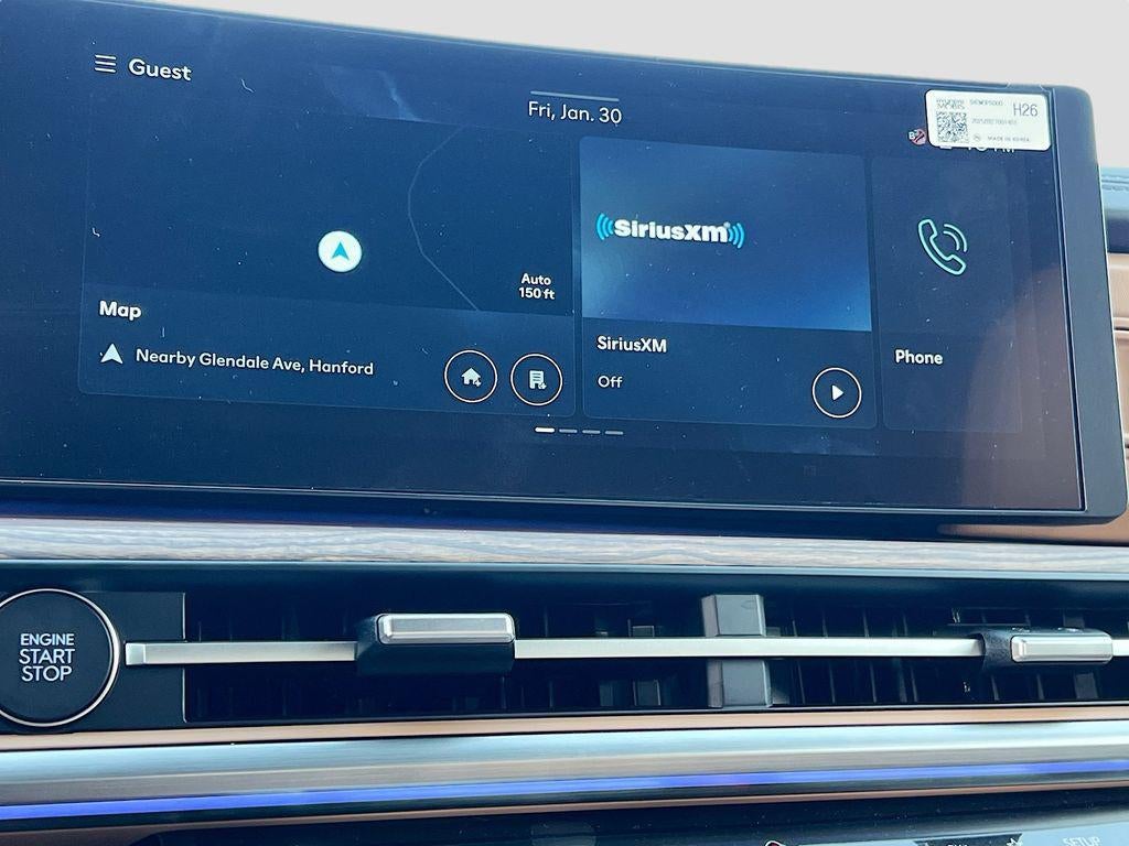 - Radio: AM/FM/HD Bose Premium Audio System -inc: 12 speakers including subwoofer, external amplifier, 12.3" wide touchscreen, Apple CarPlay and Android Auto, Bluetooth® hands-free w/wireless audio streaming, dynamic voice recognition, USB connectivity, SiriusXM, Blue Link+ connected car system, navigation system including traffic flow w/incident data via HD Radio (HERE) and rear seat quiet mode
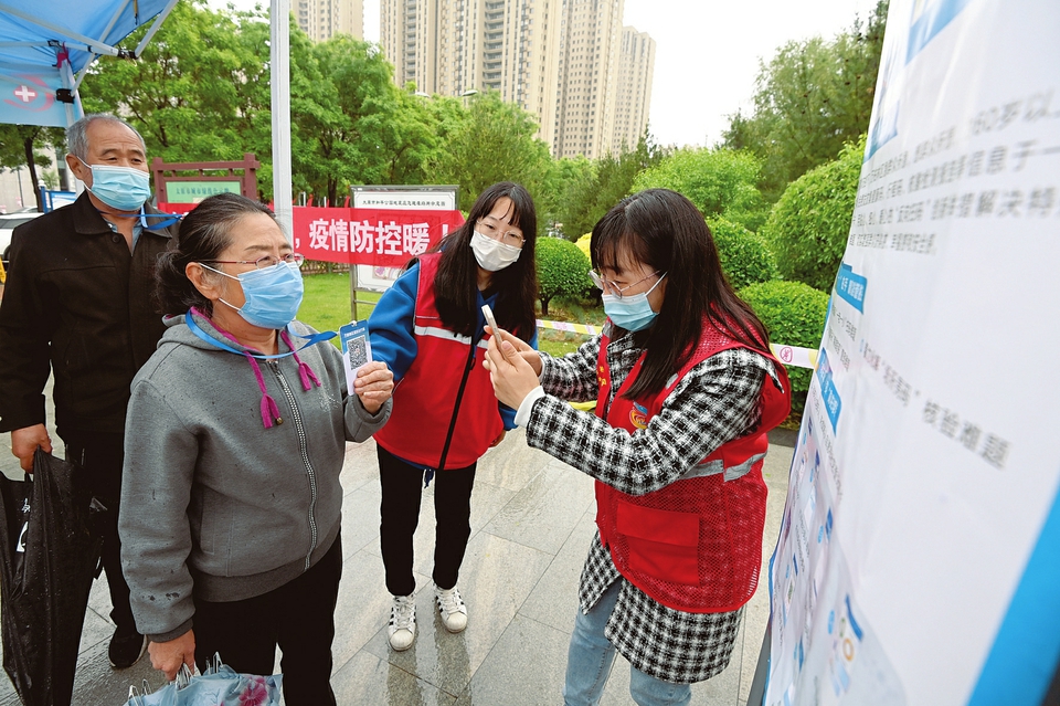 5月12日,太原市和平公園核酸檢測點,老年居民體驗“反向掃碼”帶來的便捷。據(jù)了解,常態(tài)化疫情防控下,為保障老年人和未成年人便捷出入公共場所,萬柏林區(qū)為60歲以上老年人及未成年人免費發(fā)放集健康碼、行程卡、核酸檢測報告等信息于一體的愛心碼出行卡,用“反向掃碼”新舉措解決特殊群體“亮碼”難題。(記者阮洋攝)
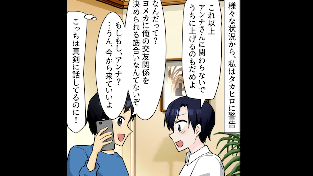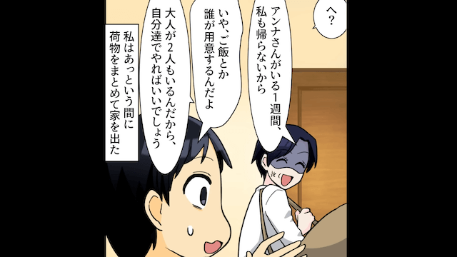 義兄嫁が再び頻繁に家に来るようになったため、主人公は夫に文句を言いますが、夫は「嫉妬してるんだろ」とずれた発言をしてきました。 そこで主人公は義兄嫁が泊まる1週間、外泊をすることにしたのです。
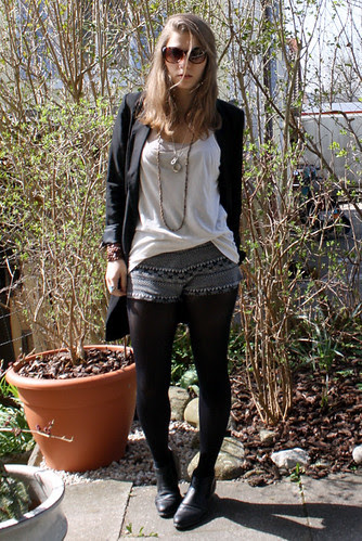 h&m tank top, topshop shorts, h&m trend blazer, coat and shoes from local shops, watch Swatch Colour Codes

TASK DIRECTIONS: Go through the listing above and quote it exactly, apart from its images.

RESPONSE FOR THIS EXERCISE:
 - Radio: AM/FM/HD Bose Premium Audio System -inc: 12 speakers including subwoofer, external amplifier, 12.3" wide touchscreen, Apple CarPlay and Android Auto, Bluetooth® hands-free w/wireless audio streaming, dynamic voice recognition, USB connectivity, SiriusXM, Blue Link+ connected car system, navigation system including traffic flow w/incident data via HD Radio (HERE) and rear seat quiet mode
 5月12日,太原市和平公園核酸檢測點,老年居民體驗“反向掃碼”帶來的便捷。據(jù)了解,常態(tài)化疫情防控下,為保障老年人和未成年人便捷出入公共場所,萬柏林區(qū)為60歲以上老年人及未成年人免費發(fā)放集健康碼、行程卡、核酸檢測報告等信息于一體的愛心碼出行卡,用“反向掃碼”新舉措解決特殊群體“亮碼”難題。(記者阮洋攝)
 義兄嫁が再び頻繁に家に来るようになったため、主人公は夫に文句を言いますが、夫は「嫉妬してるんだろ」とずれた発言をしてきました。 そこで主人公は義兄嫁が泊まる1週間、外泊をすることにしたのです。
 h&m tank top, topshop shorts, h&m trend blazer, coat and shoes from local shops, watch Swatch Colour Codes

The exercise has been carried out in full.